[SUPPLIED DATA]

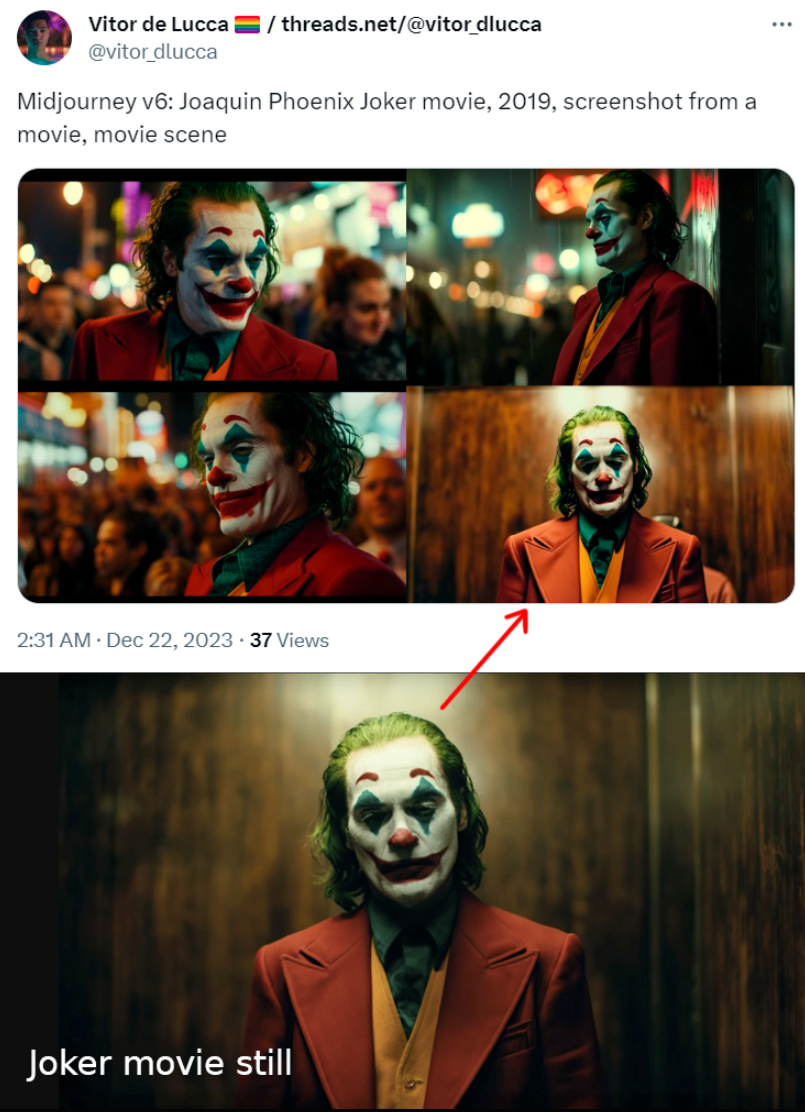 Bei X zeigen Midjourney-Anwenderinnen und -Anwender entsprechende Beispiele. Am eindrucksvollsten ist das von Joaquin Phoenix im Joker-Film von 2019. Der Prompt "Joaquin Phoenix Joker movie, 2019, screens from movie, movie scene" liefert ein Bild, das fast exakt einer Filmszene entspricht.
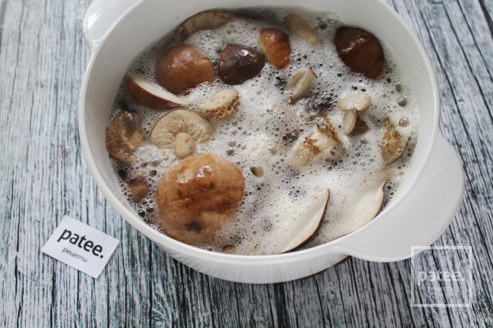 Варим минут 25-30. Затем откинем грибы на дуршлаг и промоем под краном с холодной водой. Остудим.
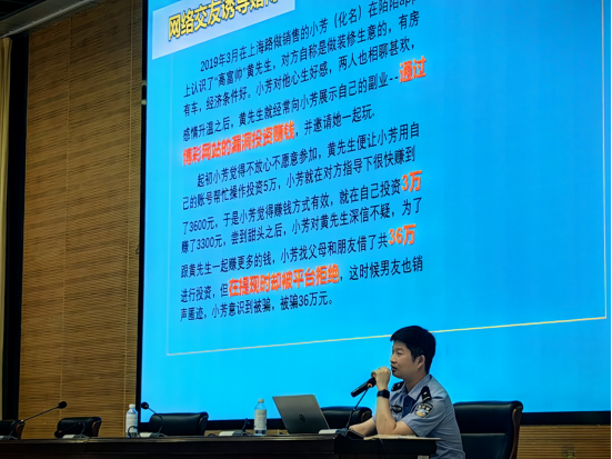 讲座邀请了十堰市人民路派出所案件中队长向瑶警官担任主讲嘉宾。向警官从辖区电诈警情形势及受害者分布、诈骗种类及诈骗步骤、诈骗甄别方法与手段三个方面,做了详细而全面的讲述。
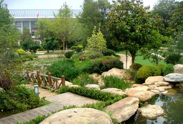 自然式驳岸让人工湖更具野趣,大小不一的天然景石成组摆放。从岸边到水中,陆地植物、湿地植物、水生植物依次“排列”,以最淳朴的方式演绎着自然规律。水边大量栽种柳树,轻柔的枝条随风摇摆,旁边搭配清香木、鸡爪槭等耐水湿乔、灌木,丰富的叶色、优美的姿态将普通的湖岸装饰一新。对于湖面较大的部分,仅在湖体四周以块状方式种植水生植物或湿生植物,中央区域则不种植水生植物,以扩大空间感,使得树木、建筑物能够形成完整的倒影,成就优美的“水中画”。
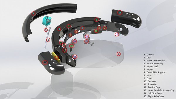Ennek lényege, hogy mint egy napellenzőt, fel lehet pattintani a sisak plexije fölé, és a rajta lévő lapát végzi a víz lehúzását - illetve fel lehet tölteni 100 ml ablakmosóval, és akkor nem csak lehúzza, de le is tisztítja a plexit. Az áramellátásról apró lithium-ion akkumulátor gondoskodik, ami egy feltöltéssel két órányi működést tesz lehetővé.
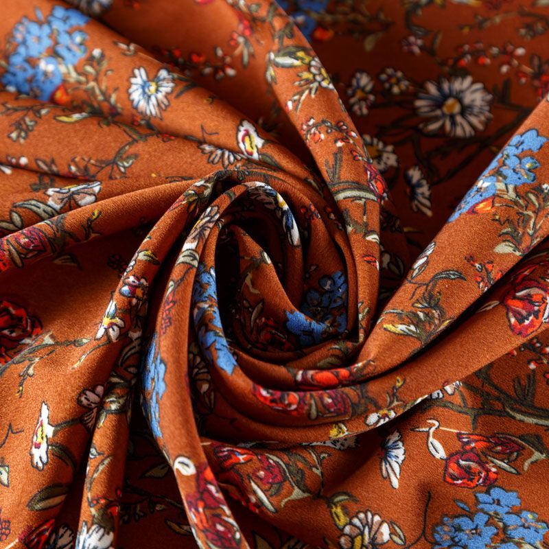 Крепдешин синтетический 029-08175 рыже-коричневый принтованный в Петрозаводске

[/SUPPLIED DATA]

# WORK ITEM
Give the data again word for word, without pictures.

# YOUR SOLUTION
 Bei X zeigen Midjourney-Anwenderinnen und -Anwender entsprechende Beispiele. Am eindrucksvollsten ist das von Joaquin Phoenix im Joker-Film von 2019. Der Prompt "Joaquin Phoenix Joker movie, 2019, screens from movie, movie scene" liefert ein Bild, das fast exakt einer Filmszene entspricht.
 Варим минут 25-30. Затем откинем грибы на дуршлаг и промоем под краном с холодной водой. Остудим.
 讲座邀请了十堰市人民路派出所案件中队长向瑶警官担任主讲嘉宾。向警官从辖区电诈警情形势及受害者分布、诈骗种类及诈骗步骤、诈骗甄别方法与手段三个方面,做了详细而全面的讲述。
 自然式驳岸让人工湖更具野趣,大小不一的天然景石成组摆放。从岸边到水中,陆地植物、湿地植物、水生植物依次“排列”,以最淳朴的方式演绎着自然规律。水边大量栽种柳树,轻柔的枝条随风摇摆,旁边搭配清香木、鸡爪槭等耐水湿乔、灌木,丰富的叶色、优美的姿态将普通的湖岸装饰一新。对于湖面较大的部分,仅在湖体四周以块状方式种植水生植物或湿生植物,中央区域则不种植水生植物,以扩大空间感,使得树木、建筑物能够形成完整的倒影,成就优美的“水中画”。
Ennek lényege, hogy mint egy napellenzőt, fel lehet pattintani a sisak plexije fölé, és a rajta lévő lapát végzi a víz lehúzását - illetve fel lehet tölteni 100 ml ablakmosóval, és akkor nem csak lehúzza, de le is tisztítja a plexit. Az áramellátásról apró lithium-ion akkumulátor gondoskodik, ami egy feltöltéssel két órányi működést tesz lehetővé.
 Крепдешин синтетический 029-08175 рыже-коричневый принтованный в Петрозаводске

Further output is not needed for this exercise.